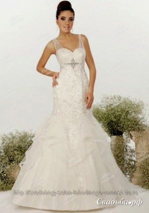 Роскошный свадебный наряд силуэта Русалочка дополнено полупрозрачными бретелями. Заниженный корсет с расшитым вручную кружевом декорирован сверкающей вышивкой под грудью. Наряд облегает фигуру и постепенно расширяется к полу. Пышная часть юбки с воланами выполнена из фатина. В наличии представлено свадебное платье цвета айвори 44 размера.
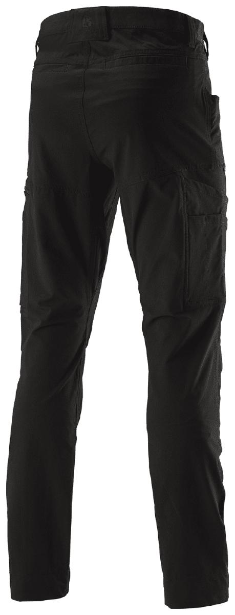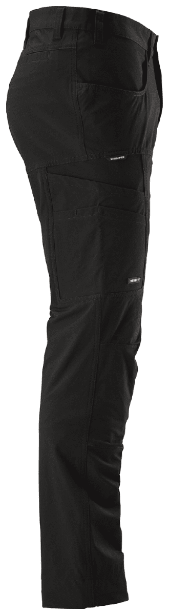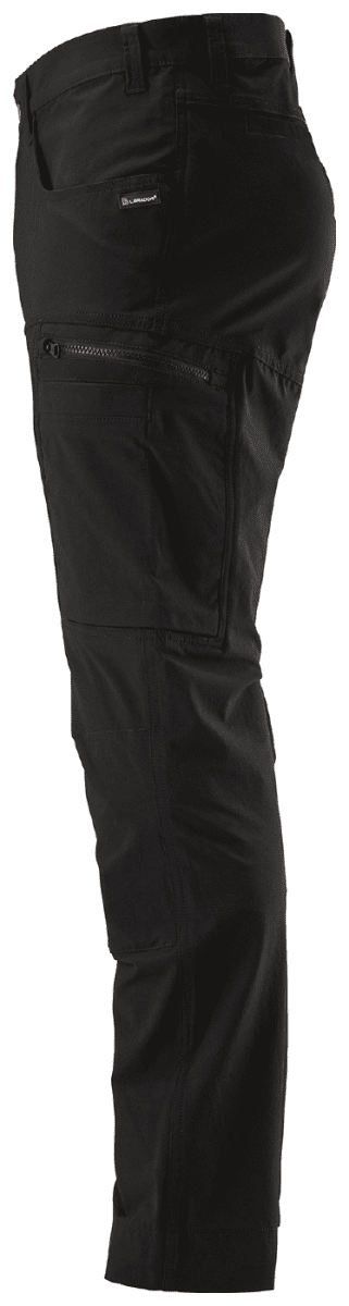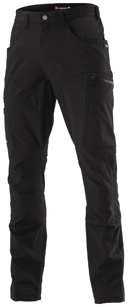 En servicebyxa från L.Brador i fullstretch. 4-vägsstrechmaterial med ripstopfunktion och låg vikt. Lätt och luftigt 4-vägsstretch för maximal rörlighet och komfort. Ripstopfunktion. Kroppsnära passform. Förböjda knän för bättre passform och flexibilitet. Frontfickor. Infällda stolpfickor bak. Vänster benficka med utvändig telefonficka. Höger benficka med enklare tumstocksficka och extra fickor.
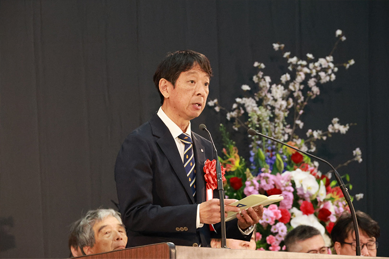 地域と大学とのつながりに触れながら、大学での学びが社会の中でどのように活かされていくかについて語られ、新入生に対して、地域との関わりを大切にしながら成長していくことへの期待が寄せられました。
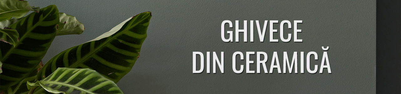 Vas decorativ din ceramica potrivit pentru interior sau exterior, insotit de o planta verde, c..

__WORK TO COMPLETE__. Skip every picture and retype only the lines from the line with "地域と大学とのつながりに触れ" through the last line of the listing, both ends included, exactly as they appear.

__YOUR RESPONSE__.
 地域と大学とのつながりに触れながら、大学での学びが社会の中でどのように活かされていくかについて語られ、新入生に対して、地域との関わりを大切にしながら成長していくことへの期待が寄せられました。
 Vas decorativ din ceramica potrivit pentru interior sau exterior, insotit de o planta verde, c..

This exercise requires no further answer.